- _DATA PROVIDED_
[Start of section]

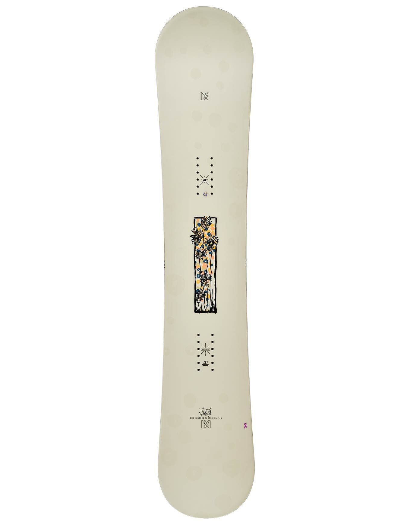 K2 Snowboard First Lite 2025 : snowboard femme polyvalent et tolérant pour débutantes, cambre plat Catch-Free™ Tune, noyau bois léger, flex adapté, twin-tip joueur sur tous les terrains.
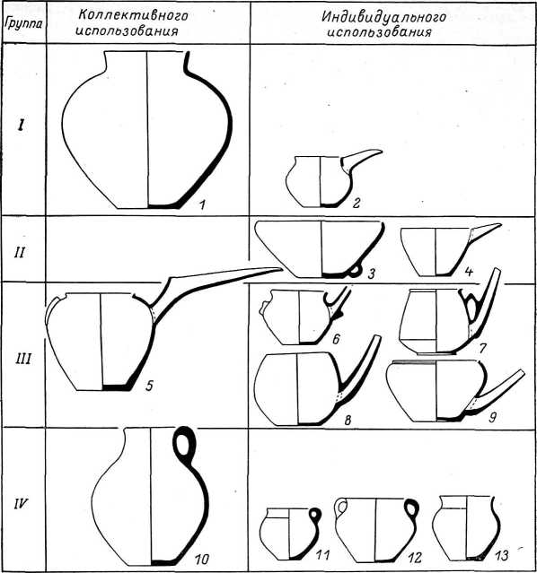 Первичный анализ керамики, проведенный выше, показывает, что глиняное тесто, из которого был изготовлен тот пли иной сосуд, так же как и технология его изготовления, не имеет значения для нашей цели. При определении функции сосуда надо исходить из его формы и типа. Так, коллекция состоит из столовой и хозяйственной (хумчи и большие кувшины) посуды. Кроме того, сосуды резко различаются по величине, что позволяет выделить сосуды коллективного пользования (хумчи, кувшины, чайники со сложным носиком) и индивидуального (различные горшкп, сосуды с трубчатыми носиками, чаши). Поэтому естественно попытаться разделить всю керамическую коллекцию на группы, в каждой из которых сосуд коллективного использования сочетался бы с одним или несколькими сосудами индивидуального применения.
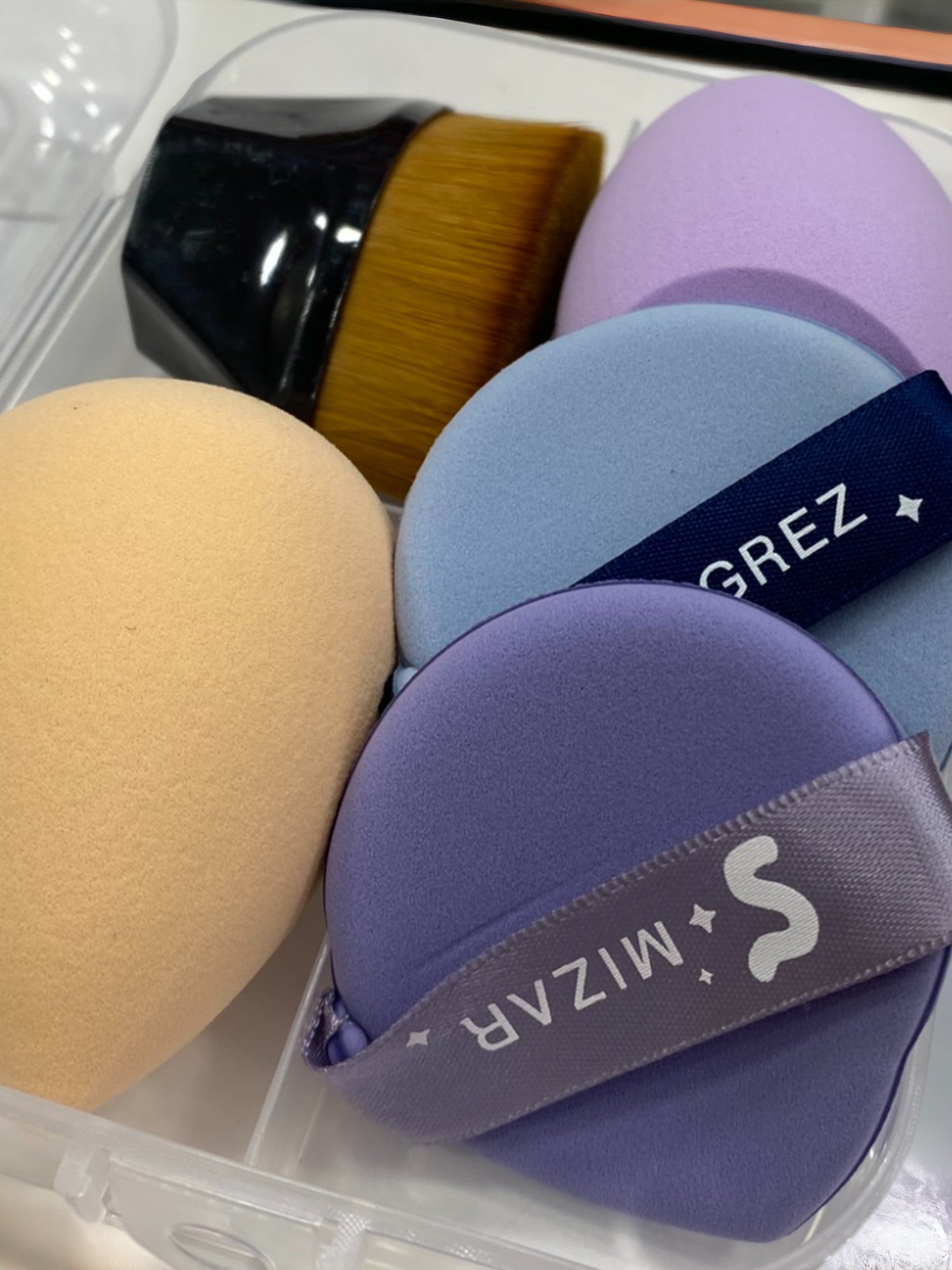 The Finger Puff is perfect for precision. These puffs fit snugly on your fingers, allowing you to effortlessly apply foundation, concealer, or cream blush directly where you need it. The lightweight material provides a smooth application, making it ideal for touch-ups on the go.

[End of section]

- _TASK PROMPT_
Set down the material once more, exactly, with the pictures omitted.

- _RESULT OF THE TASK_
 K2 Snowboard First Lite 2025 : snowboard femme polyvalent et tolérant pour débutantes, cambre plat Catch-Free™ Tune, noyau bois léger, flex adapté, twin-tip joueur sur tous les terrains.
 Первичный анализ керамики, проведенный выше, показывает, что глиняное тесто, из которого был изготовлен тот пли иной сосуд, так же как и технология его изготовления, не имеет значения для нашей цели. При определении функции сосуда надо исходить из его формы и типа. Так, коллекция состоит из столовой и хозяйственной (хумчи и большие кувшины) посуды. Кроме того, сосуды резко различаются по величине, что позволяет выделить сосуды коллективного пользования (хумчи, кувшины, чайники со сложным носиком) и индивидуального (различные горшкп, сосуды с трубчатыми носиками, чаши). Поэтому естественно попытаться разделить всю керамическую коллекцию на группы, в каждой из которых сосуд коллективного использования сочетался бы с одним или несколькими сосудами индивидуального применения.
 The Finger Puff is perfect for precision. These puffs fit snugly on your fingers, allowing you to effortlessly apply foundation, concealer, or cream blush directly where you need it. The lightweight material provides a smooth application, making it ideal for touch-ups on the go.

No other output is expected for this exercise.